Credit:  By Jonathan Brocklebank | Daily Mail | 13 February 2021 ~~

Stare long enough at the hills around the Dumfriesshire village of Moniaive on an Ordnance Survey map and you may eventually come across one called Whiteneuk. Until recently, even the locals had not heard of it. In these rolling uplands, one hill merges into another, forming a vast ruffled blanket of scenic splendour.

Locals know all about Whiteneuk now. For here, a short ramble from their front doors, the largest wind turbines ever built in Scotland may soon dominate the landscape.

They would measure up to 820ft from ground to blade-tip. That is 50ft taller than London’s Canary Wharf tower.

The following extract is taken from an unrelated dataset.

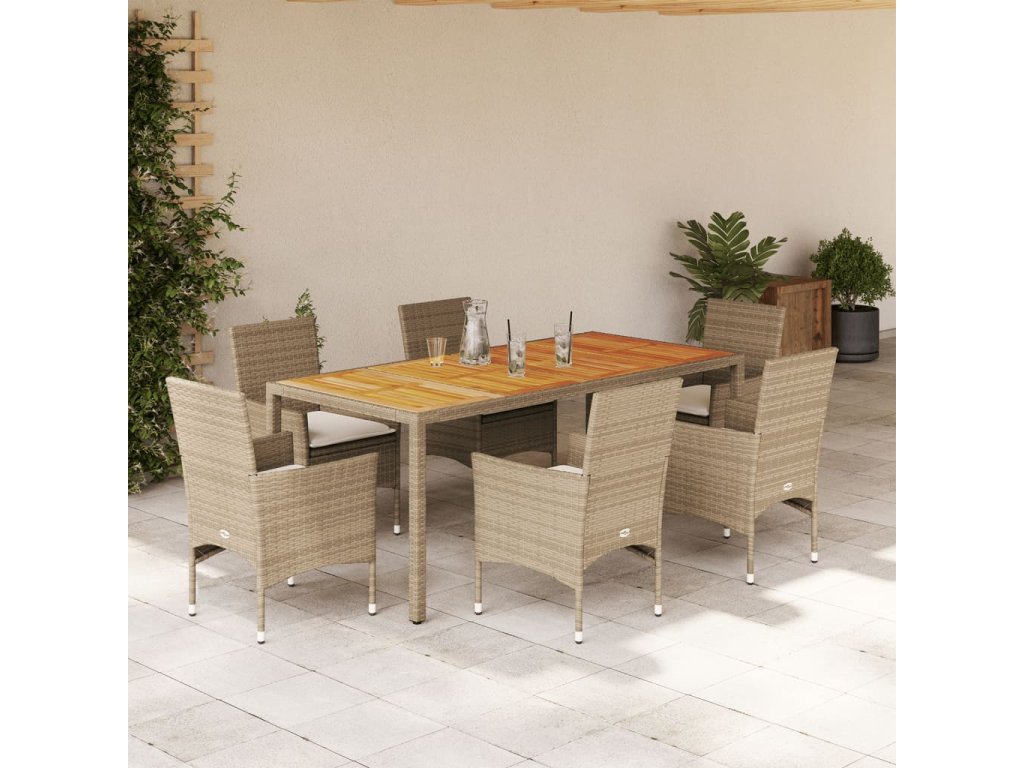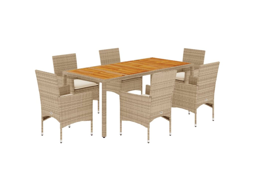 7dílný zahradní jídelní set a podušky béžový polyratan a akácie 3278685

If such a turbine were built next to the Eiffel Tower and you stood on its top deck, the fully extended blade-tip would be a mere 150ft below you. And there would be 35 of these monsters. It is thought that, on a clear day, they would be visible from Berwick-upon-Tweed in the east and the Isle of Man in the west.

Yet, outside of their locale, barely a soul is aware of the bid by Swedish government-owned firm Vattenfall to plonk almost three dozen steel giants on these blustery hilltops.

That may be because many of Scotland’s hills are already sprinkled with smaller versions of these turbines – and this plan is merely one among a raft of proposals to add almost 1,500 more.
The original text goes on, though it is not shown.